Текст книги "Днепр могучий"
Автор книги: Иван Сотников
сообщить о нарушении
Текущая страница: 7 (всего у книги 27 страниц)
БАБИЙ ЯР
1
Ясным погожим днем Хрущев час за часом кружил по городу и не узнавал даже хорошо знакомых улиц и площадей. Часто оставлял машину и шел пешком, подолгу стоял у руин сожженных и взорванных зданий. У одного из пепелищ повстречал молодую женщину. Она каждый день приходит сюда, где заживо сгорели ее дети. Он хотел было утешить молодую мать и не нашел слов.
Киев, Киев, город-мученик и город-воин!
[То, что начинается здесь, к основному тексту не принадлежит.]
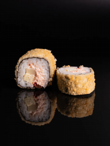 креветка темпура, лист салата, сыр сливочный, пикантный соус, снежный краб, омлет, ягодный соус, кунжут
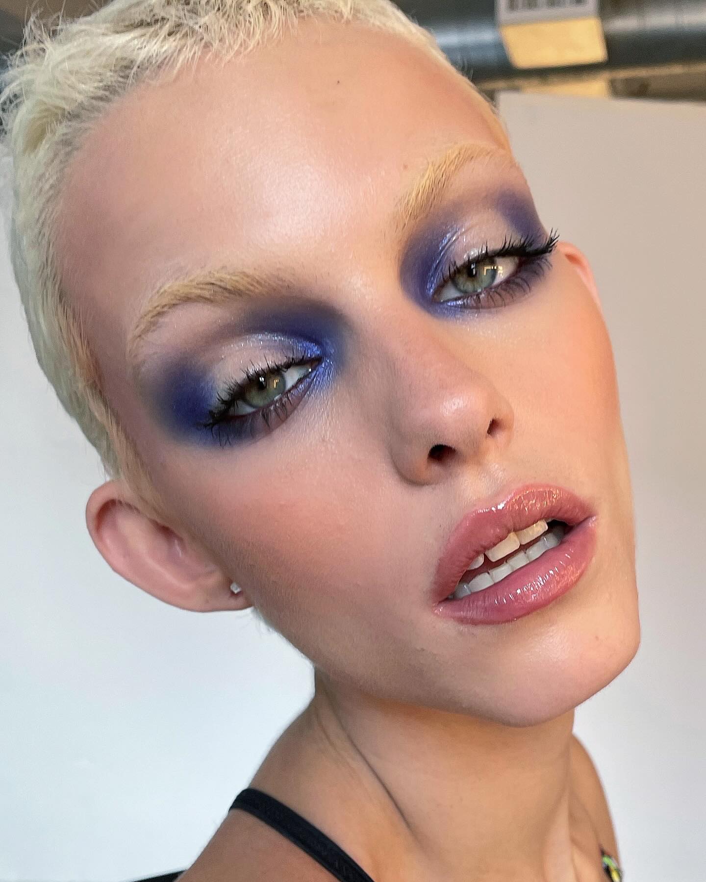 Trong khi Dior mang đến những mảng màu xanh trong suốt như nước đá kết hợp cùng môi bóng tối giản, thì Chanel lại tạo nên một cú nổ lớn với Denim Collection trẻ trung. Sự kết hợp giữa chất liệu denim bụi bặm và tông mắt xanh chất chơi, có chút ánh bạc đã tạo nên một tổng thể vừa cổ điển vừa thời thượng. Không đứng ngoài cuộc chơi, Prada gây ấn tượng với những đường kẻ mắt xanh sắc lẹm, còn Fenty Beauty của Rihanna thì đẩy xu hướng này lên cao trào khi biến sắc xanh thành một trải nghiệm toàn diện từ highlight gò má đến đôi môi phủ sương đầy ma mị.

Кого не тронут твои кровоточащие раны, твоя боль, твое неизбывное горе?! Всюду камни и пепел, пепел и камни. Будто обрушили тебе их на душу и давят они с такой силой, что тяжко дышать. Сколько же их, растерзанных улиц и площадей? У Хрущева пересохло во рту, похолодело в груди. Раны покалеченного города и страдания людей, выживших и погибших, острой болью отзывались в сердце. Такого Киева, каким он видел его и знал раньше, уже не было. Сколько их виделось, разрушенных сел и городов, – они всегда потрясали. Но как ни странно, Киев почему-то представлялся нетронутым и праздничным, каким был он в мирные дни. Просто не укладывалось в сознании, что можно занести руку на эту вековую красоту, на творения труда человеческого. И вот…
– Жуть, товарищ генерал, – глядя на поверженный Крещатик, сказал шофер. – Стихия!
– Нет, не стихия, – твердо сказал Хрущев. – Расчет. Преступный расчет. И в то же время просчет. Их просчет. Они думали оставить после себя мертвую землю, прах и пепел. Но из праха и пепла поднимутся новые города и села. И Киев поднимется и будет еще краше.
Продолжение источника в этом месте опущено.